Seattle Yard generally operated seven engines on three shifts per day; jobs at: 6:30 am, 7:00 am, 7:59 am; 2:30 pm, 3:59 pm; 10:30 pm and 11:59 pm. Jobs were filled on a daily markup board, the same system used on the Northern Pacific. Yardmen of low seniority, such as me, were lucky to make the 3:59 pm job. The 2:30 pm job was the higher prestige front "lead" job; staffed by self-described good "car handlers," perhaps seen as cowboys by others. The 3:59 job did some front lead switching, but mainly tramped around; taking cuts to the waterfront; or working barges; or going to the Argo Interchange; and often took #200's connection out to Black River for that train's 8:00 pm arrival from Tacoma.

Contrary to the conventional thinking about the Milwaukee Road, Seattle Yard was the major generator of traffic for Lines West. While it might seem obvious in retrospect in that Seattle is a larger city than Tacoma, the Milwaukee's presence in the Northwest railroad scene was obscure in Seattle but dominant in Tacoma. But Seattle provided the freight for more than one, and perhaps two mainline trains a day:

  1. Out of the Port of Seattle, 30 or more TOFC/COFC cars daily.

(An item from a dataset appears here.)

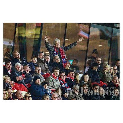 SILKEBORG, DANMARK - 17. OKTOBER, 2025: Musiker og sanger Lars Lilholt jubler under Superligakampen mellem Silkeborg IF og FC København. (Photo by Lars Rønbøg / FrontZoneSport)

  2. British Columbia Railway traffic via barge from North Vancouver, 15 or more cars daily.
  3. Barge traffic from the Port Angeles - Port Townsend 14th Sub, 15 cars daily.
  4. Cargill and Fisher Flour grain traffic terminating in Seattle.
  5. Port of Seattle break-bulk from Pier 30, 10 or more boxcars daily.
  6. Interchange traffic received from, or delivered to the Burlington Northern and Union Pacific at the Argo Interchange.
  7. Traffic originating or terminating at various Seattle industries such as Sears, Roebuck & Co., U.S. Plywood, West Coast Paper, Sam Wylde Co. and Rainier Cold Storage.